TD Bank to pay $3B, face growth cap over money laundering violations
Toronto-Dominion Bank, commonly referred to as TD Bank, pleaded guilty Thursday to violating federal anti-money laundering and bank transparency laws, agreeing to pay more than $3 billion and limit its future growth.
TD Bank, which is based in Canada, will pay billions of dollars in fines and penalties to several federal agencies, including the Federal Reserve and the Office of the Comptroller of the Currency (OCC), federal officials announced.
TD Bank allegedly failed to adequately oversee its retail banking operations, which allowed a subsidiary to be used to launder hundreds of millions of dollars through drug trafficking.
The bank allegedly failed to monitor $18.3 trillion in customer activity over a six-year period, allowing three money laundering networks to move millions of dollars through its accounts.
“TD Bank created an environment that allowed financial crimes to flourish. By making its services convenient for criminals, it became one,” Attorney General Merrick Garland said at a press conference Thursday afternoon.
The Department of Justice (DOJ) is also prosecuting two dozen individuals for their involvement in money-laundering schemes that moved more than $670 million in illegal funds through TD Bank accounts.
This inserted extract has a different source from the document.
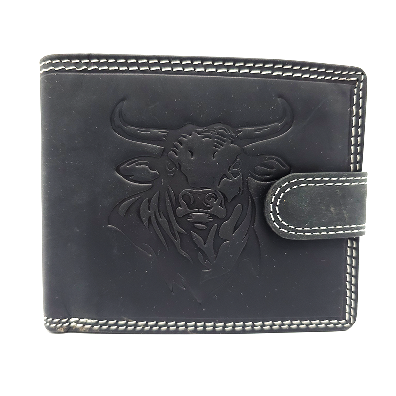 Portofel bărbați cu grafică din piele naturală cu capsă – Câine Pitbull negru

Two TD employees were charged.
“Our laws dictate that the narcotics traffickers who flood our communities with deadly drugs cannot use American financial institutions to move their money. And our anti-money laundering laws dictate that a bank that willfully fails to protect against criminal schemes is also a criminal. That is what TD Bank was,” Garland added.
In a statement, TD Bank Group President and CEO Bharat Masrani said, “We have taken full responsibility for the failures of our U.S. AML program and are making the investments, changes and enhancements required to deliver on our commitments. This is a difficult chapter in our Bank’s history. These failures took place on my watch as CEO and I apologize to all our stakeholders.”
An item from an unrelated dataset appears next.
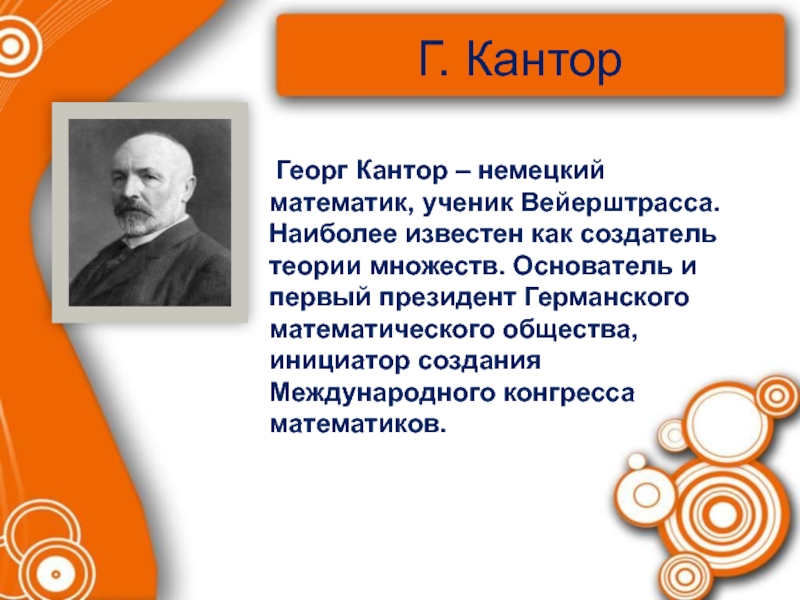 Георг Кантор – немецкий математик, ученик Вейерштрасса.

“I want to thank our colleagues, who continue to demonstrate their dedication and who play an important role in preventing criminal activity,” he continued.
One scheme moved more than $470 million through TD Bank branches in the U.S. and bribed TD bank employees with more than $57,000 in gift cards. Garland described the illegal conduct as “obvious, to say the least.”
In another scheme, five TD employees worked with criminal organizations to open accounts that were used to launder $39 million to Colombia, including drug proceeds.
“Despite significant internal red flags, the bank did not identify that its own employees were conspiring to launder tens of millions of dollars to Colombia until law enforcement arrested them,” the attorney general said.
Some 92 percent of TD Bank’s transactions went unmonitored between January 2018 and April 2024, according to the DOJ.
The bank is the largest in U.S. history to plead guilty to charges under the Bank Secrecy Act and the first to plead guilty to conspiracy to commit money laundering, Garland said. The penalty levied against TD is the largest ever under the Bank Secrecy Act.
TD Bank’s penalty is also the largest paid by a bank since federal regulators slapped Wells Fargo with a $1 billion fine in 2018 in what became one of the biggest banking scandals since the 2007-08 financial crisis and recession.
Wells Fargo has also been subject to an asset cap since February 2018, which has prevented the bank from growing beyond $1.95 trillion. TD Bank will be subject to a similar limit, which could seriously impair the bank’s ability to compete with rivals.
As part of the settlement, TD Bank’s total assets will be capped at $434 billion — its total assets as of Sept. 30. However, this could be reduced by 7 percent if the bank fails to comply with other conditions of the agreement; for each subsequent year of noncompliance, the cap could be cut by another 7 percent.
The bank must also receive the OCC’s approval to open new branches, enter new markets and launch new products and services.
It is also required to open a new office in the U.S. to address the concerns and relocate the parts of its anti-money laundering compliance program that are responsible for complying with U.S. law to the states.
Despite the steep fine and unprecedented penalties, the DOJ and OCC faced immediate pushback from one prominent bank critic for not hitting TD Bank harder.
“$3B seems like a lot, but to big banks like @TDBank_US, it’s just the cost of doing business,” Sen. Elizabeth Warren (D-Mass.) wrote on the social platform X.
“This settlement lets bank executives off the hook for allowing TD to be used as a criminal slush fund. @TheJusticeDept & @USOCC must do better in enforcing anti-money laundering laws.”
Warren has been one of Washington’s top critics of the banking industry and the federal agencies responsible for overseeing it. She has repeatedly called for federal bank regulators to break up Wells Fargo and blasted Federal Reserve Chair Jerome Powell for not taking stronger steps to rein in banks.